_Task goal_. Write every line of the material again exactly, with no pictures in the copy.

Content starts

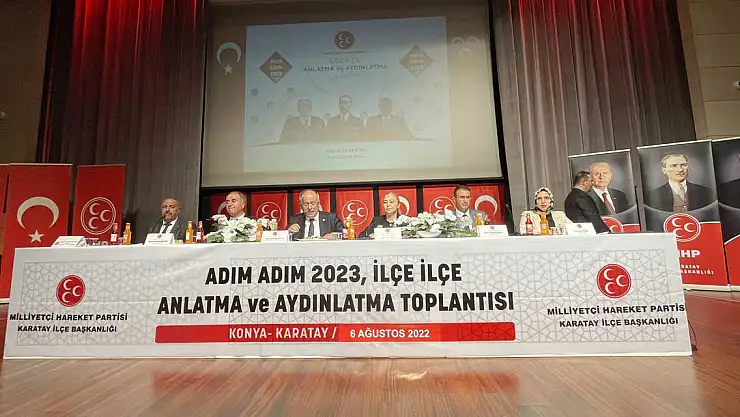 Milliyetçi Hareket Partisi Karatay İlçe Teşkilatı tarafından, Mevlana Kültür Merkezi'nde 'Adım Adım 2023 İlçe İlçe Anlatma ve Aydınlatma' programı düzenlendi. Programda konuşan MHP Genel Başkan Yardımcısı Mustafa Kalaycı, 'Bilinmelidir ki Türkiye, kararlı yürüyüşünden asla vazgeçmeyecektir. Cumhur İttifakı her türlü kirli oyunu milletimizle birlikte bozacaktır.' dedi.
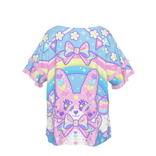 Magical Rainbow Easter Bunny Round Neck Raglan Sleeve Ruffle Frill T-Shirt
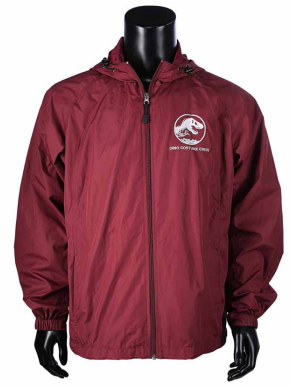 Une veste d’équipage Dino Costume de la suite d’action-aventure de Colin Trevorrow Jurassic World. Des vestes ont été offertes aux membres du département des costumes qui ont travaillé sur la production. Confectionnée en polyester bordeaux, la veste imperméable Sport-Tek® est dotée d’une capuche, de poignets élastiqués, d’une fermeture zippée et de bascules noires. Un logo Jurassic World brodé en gris orne la poitrine gauche, avec le texte « Dino Costume Crew » situé en dessous. Doublée d’une combinaison de jersey gris et de tissu semblable à une maille, la veste est étiquetée comme une taille moyenne et affiche des fils lâches et un léger pincement sur le texte brodé.
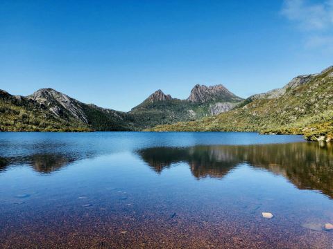 圣克莱尔湖国家公园是一处火山湖泊景观,位于知名的摇篮山的山脚下,与摇篮山遥相呼应。湖水是由于地震形成的堰塞湖,经过千万年的沉淀,湖水非常的清澈平静,就像是一面镜子一样,把摇篮山倒映其中,真的是美轮美奂。
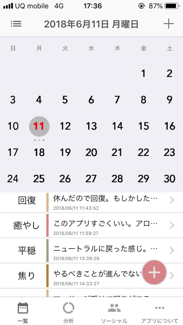 「気分ログ」といって、その時の気分や原因などを記録できるアプリです。
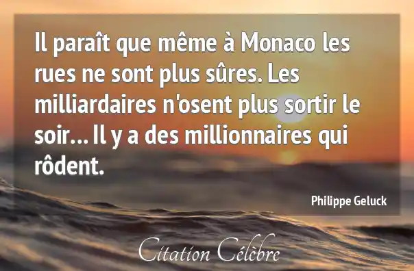 Il paraît que même à Monaco les rues ne sont plus sûres. Les milliardaires n'osent plus sortir le soir... Il y a des millionnaires qui rôdent.
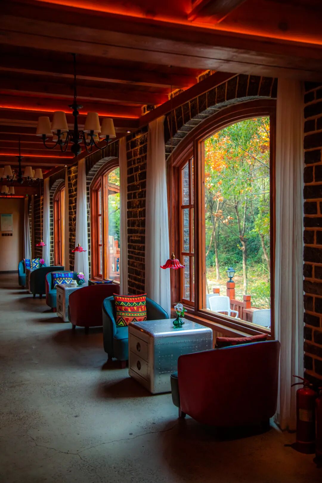 身处房中就可坐拥美景,看群山叠翠、群花争艳,与山水相融,仿佛置身于一幅动态感十足的油墨画中。
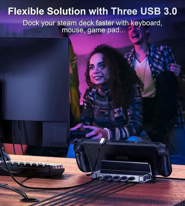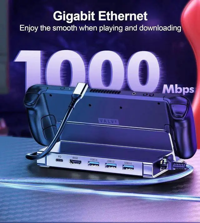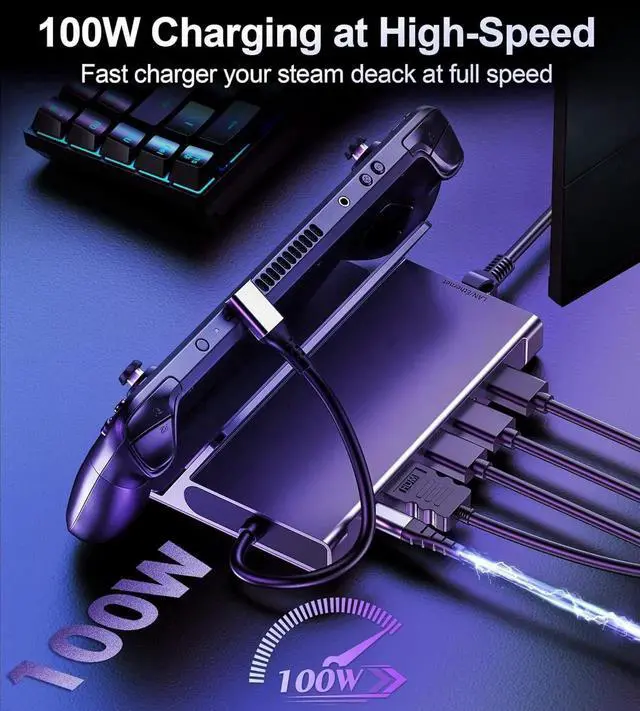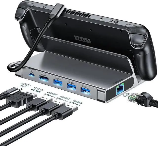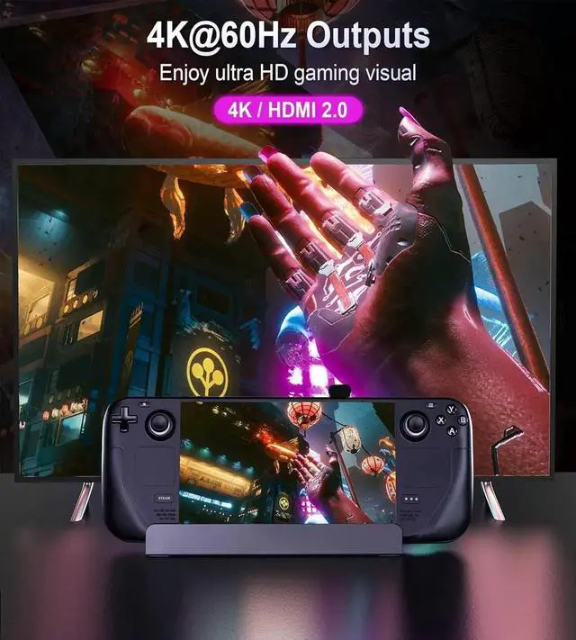Compact Size Portable Wherever: Blending usb c hub and gaming stand together perfectly into a all in one steamdeck docking station, this docking station can tidy your desktop, and its compact size also make it convenient to take it with you on the go in case you need to have more expandability.
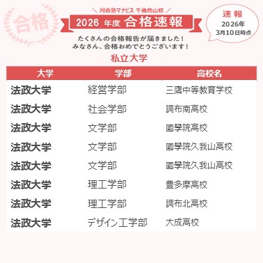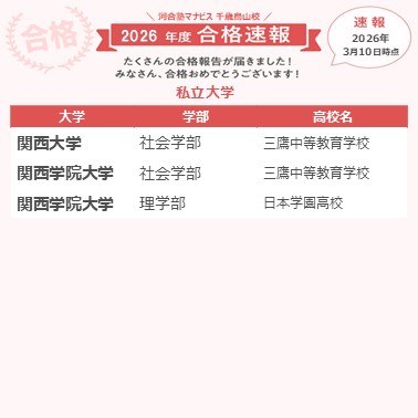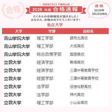 自分には河合塾マナビスが一番合っていたと思う。忙しい部活を考慮したスケジュール管理、月例面談での適切なアドバイス、何回も見返せる映像授業、どれも合格に必要な要素だった。周囲のやる気にも感化され本気になれたし、無理せず通うことができる雰囲気もあったので、楽しく勉強して合格を勝ち取ることができたと思う。
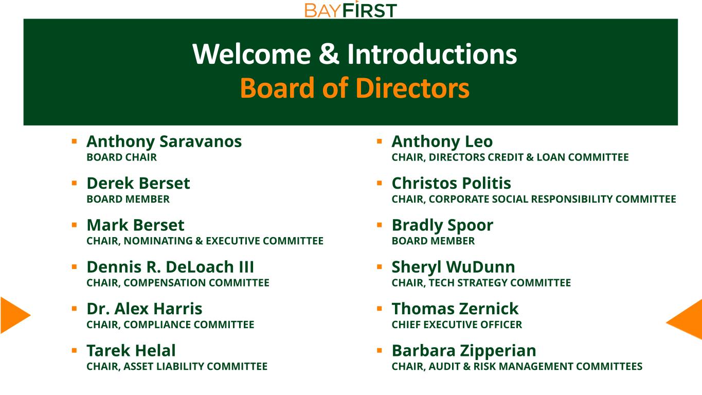 Welcome & Introductions Board of Directors  Anthony Saravanos BOARD CHAIR  Derek Berset BOARD MEMBER  Mark Berset CHAIR, NOMINATING & EXECUTIVE COMMITTEE  Dennis R. DeLoach III CHAIR, COMPENSATION COMMITTEE  Dr. Alex Harris CHAIR, COMPLIANCE COMMITTEE  Tarek Helal CHAIR, ASSET LIABILITY COMMITTEE  Anthony Leo CHAIR, DIRECTORS CREDIT & LOAN COMMITTEE  Christos Politis CHAIR, CORPORATE SOCIAL RESPONSIBILITY COMMITTEE  Bradly Spoor BOARD MEMBER  Sheryl WuDunn CHAIR, TECH STRATEGY COMMITTEE  Thomas Zernick CHIEF EXECUTIVE OFFICER  Barbara Zipperian CHAIR, AUDIT & RISK MANAGEMENT COMMITTEES

Content ends

_Your solution_.
 Milliyetçi Hareket Partisi Karatay İlçe Teşkilatı tarafından, Mevlana Kültür Merkezi'nde 'Adım Adım 2023 İlçe İlçe Anlatma ve Aydınlatma' programı düzenlendi. Programda konuşan MHP Genel Başkan Yardımcısı Mustafa Kalaycı, 'Bilinmelidir ki Türkiye, kararlı yürüyüşünden asla vazgeçmeyecektir. Cumhur İttifakı her türlü kirli oyunu milletimizle birlikte bozacaktır.' dedi.
 Magical Rainbow Easter Bunny Round Neck Raglan Sleeve Ruffle Frill T-Shirt
 Une veste d’équipage Dino Costume de la suite d’action-aventure de Colin Trevorrow Jurassic World. Des vestes ont été offertes aux membres du département des costumes qui ont travaillé sur la production. Confectionnée en polyester bordeaux, la veste imperméable Sport-Tek® est dotée d’une capuche, de poignets élastiqués, d’une fermeture zippée et de bascules noires. Un logo Jurassic World brodé en gris orne la poitrine gauche, avec le texte « Dino Costume Crew » situé en dessous. Doublée d’une combinaison de jersey gris et de tissu semblable à une maille, la veste est étiquetée comme une taille moyenne et affiche des fils lâches et un léger pincement sur le texte brodé.
 圣克莱尔湖国家公园是一处火山湖泊景观,位于知名的摇篮山的山脚下,与摇篮山遥相呼应。湖水是由于地震形成的堰塞湖,经过千万年的沉淀,湖水非常的清澈平静,就像是一面镜子一样,把摇篮山倒映其中,真的是美轮美奂。
 「気分ログ」といって、その時の気分や原因などを記録できるアプリです。
 Il paraît que même à Monaco les rues ne sont plus sûres. Les milliardaires n'osent plus sortir le soir... Il y a des millionnaires qui rôdent.
 身处房中就可坐拥美景,看群山叠翠、群花争艳,与山水相融,仿佛置身于一幅动态感十足的油墨画中。
Compact Size Portable Wherever: Blending usb c hub and gaming stand together perfectly into a all in one steamdeck docking station, this docking station can tidy your desktop, and its compact size also make it convenient to take it with you on the go in case you need to have more expandability.
 自分には河合塾マナビスが一番合っていたと思う。忙しい部活を考慮したスケジュール管理、月例面談での適切なアドバイス、何回も見返せる映像授業、どれも合格に必要な要素だった。周囲のやる気にも感化され本気になれたし、無理せず通うことができる雰囲気もあったので、楽しく勉強して合格を勝ち取ることができたと思う。
 Welcome & Introductions Board of Directors  Anthony Saravanos BOARD CHAIR  Derek Berset BOARD MEMBER  Mark Berset CHAIR, NOMINATING & EXECUTIVE COMMITTEE  Dennis R. DeLoach III CHAIR, COMPENSATION COMMITTEE  Dr. Alex Harris CHAIR, COMPLIANCE COMMITTEE  Tarek Helal CHAIR, ASSET LIABILITY COMMITTEE  Anthony Leo CHAIR, DIRECTORS CREDIT & LOAN COMMITTEE  Christos Politis CHAIR, CORPORATE SOCIAL RESPONSIBILITY COMMITTEE  Bradly Spoor BOARD MEMBER  Sheryl WuDunn CHAIR, TECH STRATEGY COMMITTEE  Thomas Zernick CHIEF EXECUTIVE OFFICER  Barbara Zipperian CHAIR, AUDIT & RISK MANAGEMENT COMMITTEES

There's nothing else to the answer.